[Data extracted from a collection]

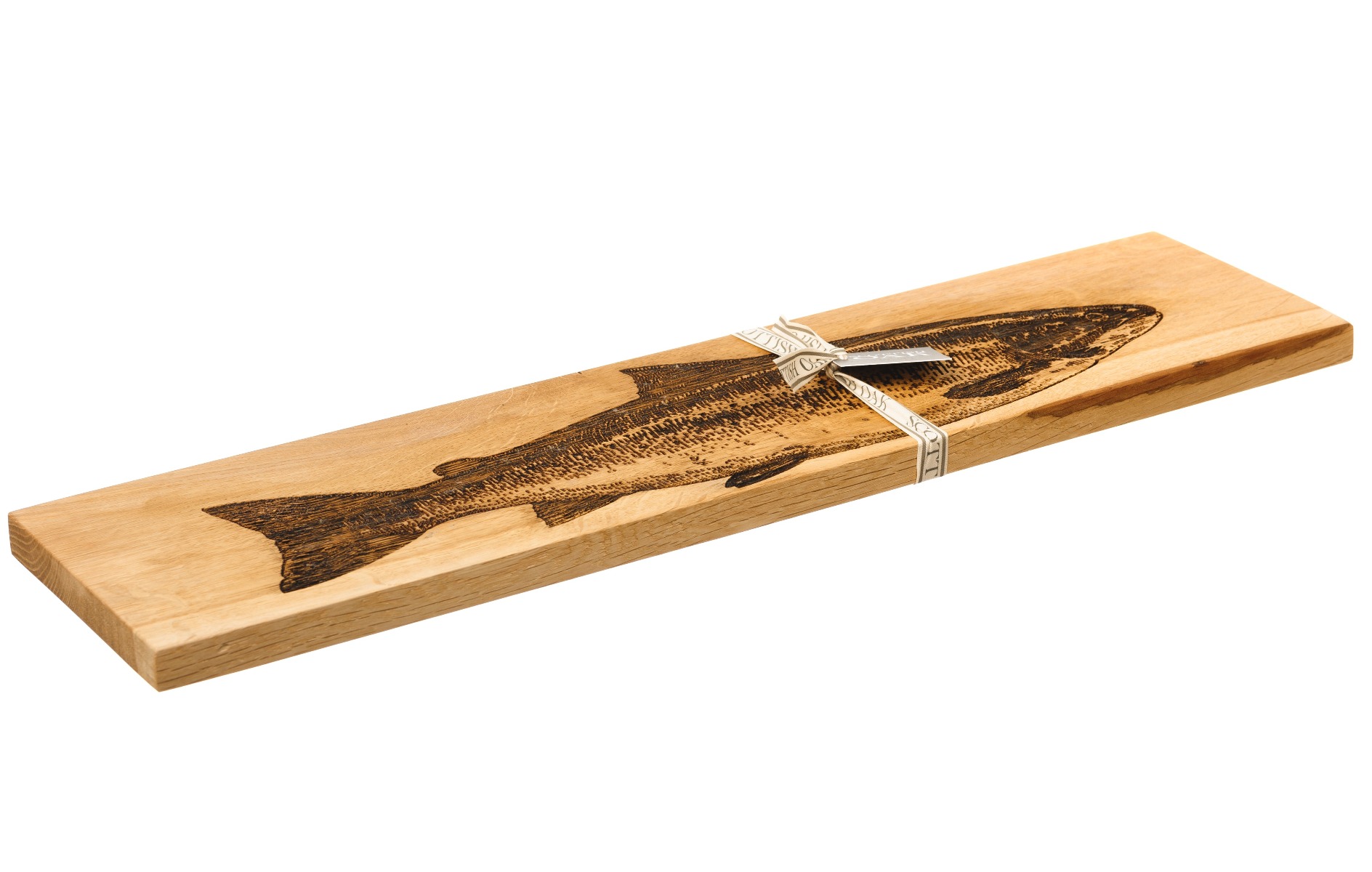 Schottlands beliebtester Fisch - der Lachs - handillustriert und -graviert auf einem großen, länglichen Servierbrett aus Schottischer Eiche. Die auffällige Gravur macht das Lachs-Servierbrett einzigartig und zu einem Must-Have für begeisterte  Fischliebhaber, Fischfreundinnen oder Angler.
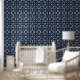 Groen Wit Deep Navy Abstract Bloem Behang
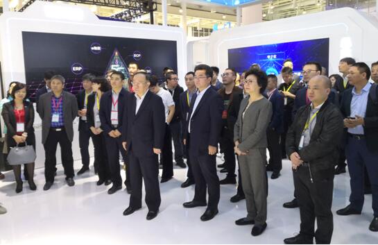 圖二:商務部黨組成員、副部長王炳楠,商務部市場體系建設司副司長鄭書偉在成果展示會現場觀展指導。前排左一:王炳楠。前排左二:鄭書偉。
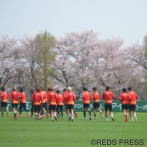 (佐藤亮太) 背番号1 西川周作A代表から合流。桜のもと、周作スマイルが光る
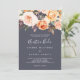Cette terre rustique fleurit violet espagnol nuestra boda invitation est parfait pour un mariage de automne. L'élégante décoration de tons de terre comprend des fleurs rustiques d'aquarelle en terre cuite, en cuivre, orange brûlé, pêche, rose roux et blanc crème avec style boho vintage.
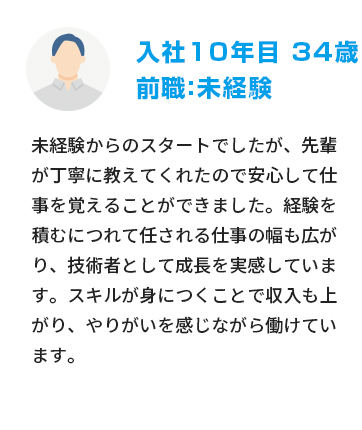 未経験の方でも、先輩が丁寧に指導しますので安心して
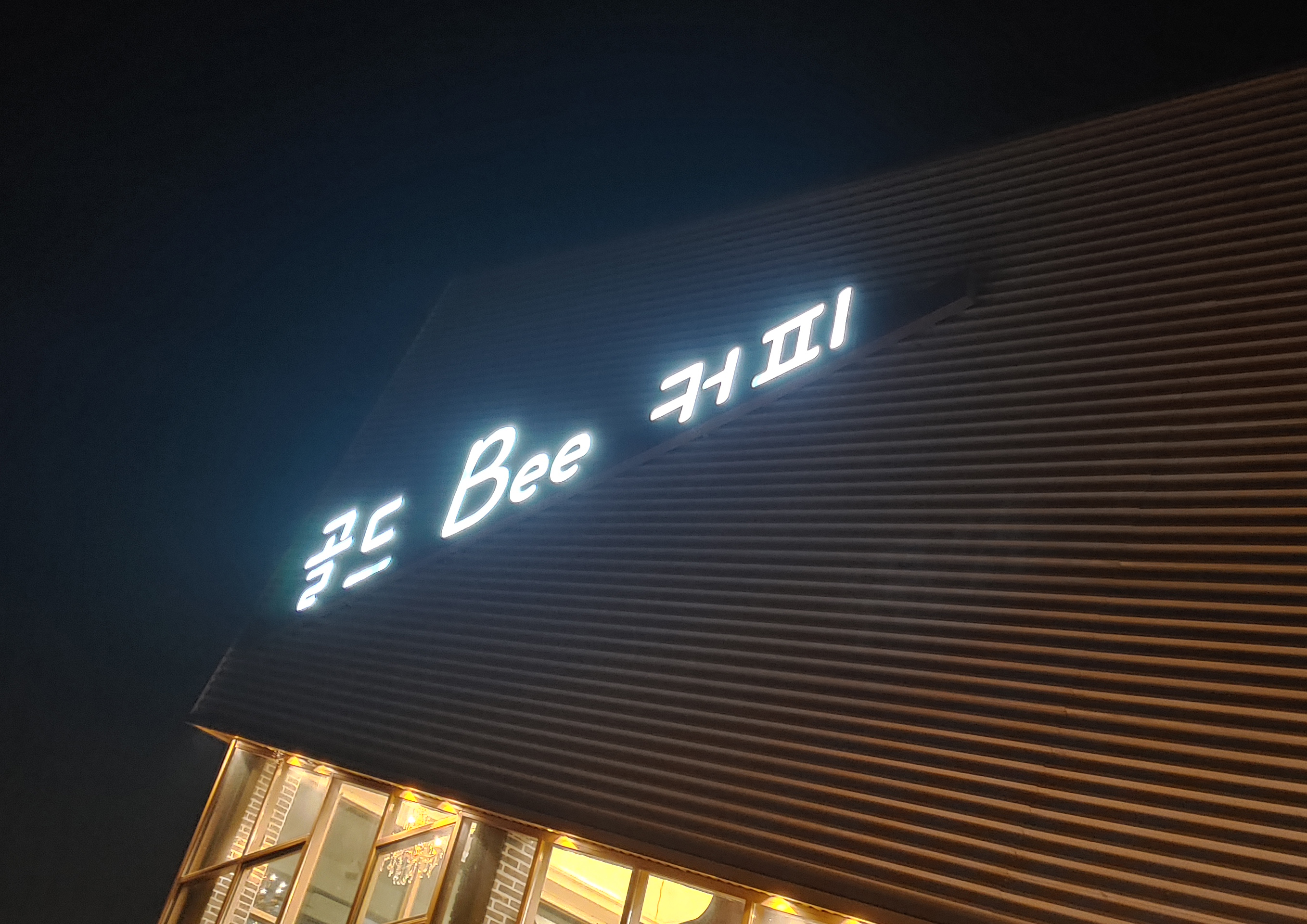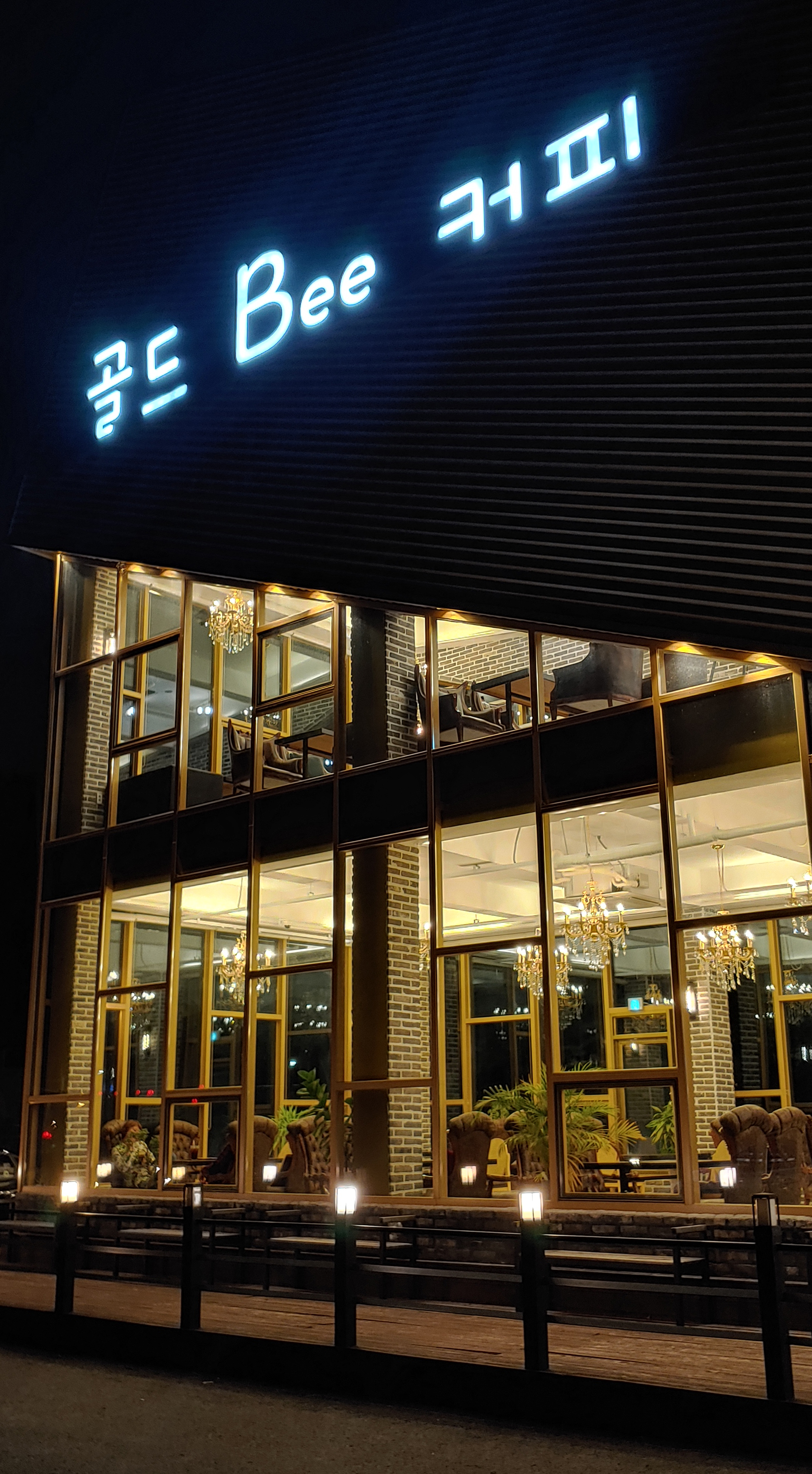 밤에도 골드 컬러와 밝은 조명으로 인해 예쁜 카페였지만
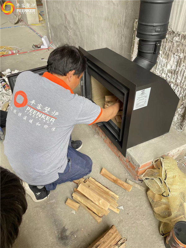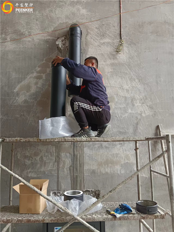 項目介紹:項目為業主自建別墅,壁爐安裝在客廳位置,煙囪橫向位移過長,無法安裝橫向位移不超過垂直高度20%的安裝要求,所以戶外選擇使用丹麥Exodraft壁爐風機代替戶外雙層煙囪,解決壁爐抽力問題!平客壁爐項目部帶隊上門安裝!
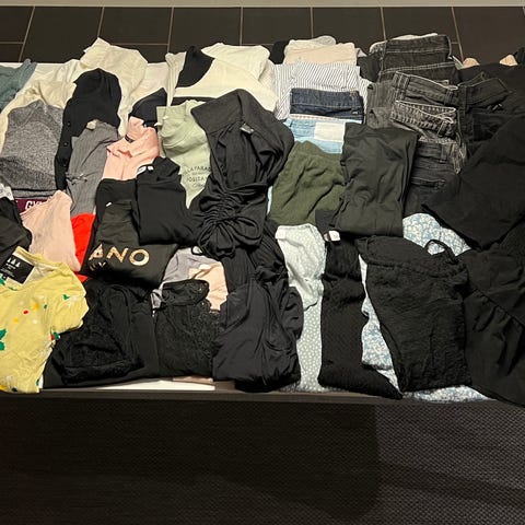 Alt er fint og uden huller. Noget er stadig med prismærke og der er mærker fra H&M, Lindex, Holly and White, hjemmestrik. Der er fest tøj og hverdagstøj.

About this task: From the line with "(佐藤亮太) 背番号1 西川周作A代表から合流。桜のもと、周作スマイルが光る" down to the last line of the entries above, set down every line exactly, apart from the pictures.

Problem solution:
 (佐藤亮太) 背番号1 西川周作A代表から合流。桜のもと、周作スマイルが光る
Cette terre rustique fleurit violet espagnol nuestra boda invitation est parfait pour un mariage de automne. L'élégante décoration de tons de terre comprend des fleurs rustiques d'aquarelle en terre cuite, en cuivre, orange brûlé, pêche, rose roux et blanc crème avec style boho vintage.
 未経験の方でも、先輩が丁寧に指導しますので安心して
 밤에도 골드 컬러와 밝은 조명으로 인해 예쁜 카페였지만
 項目介紹:項目為業主自建別墅,壁爐安裝在客廳位置,煙囪橫向位移過長,無法安裝橫向位移不超過垂直高度20%的安裝要求,所以戶外選擇使用丹麥Exodraft壁爐風機代替戶外雙層煙囪,解決壁爐抽力問題!平客壁爐項目部帶隊上門安裝!
 Alt er fint og uden huller. Noget er stadig med prismærke og der er mærker fra H&M, Lindex, Holly and White, hjemmestrik. Der er fest tøj og hverdagstøj.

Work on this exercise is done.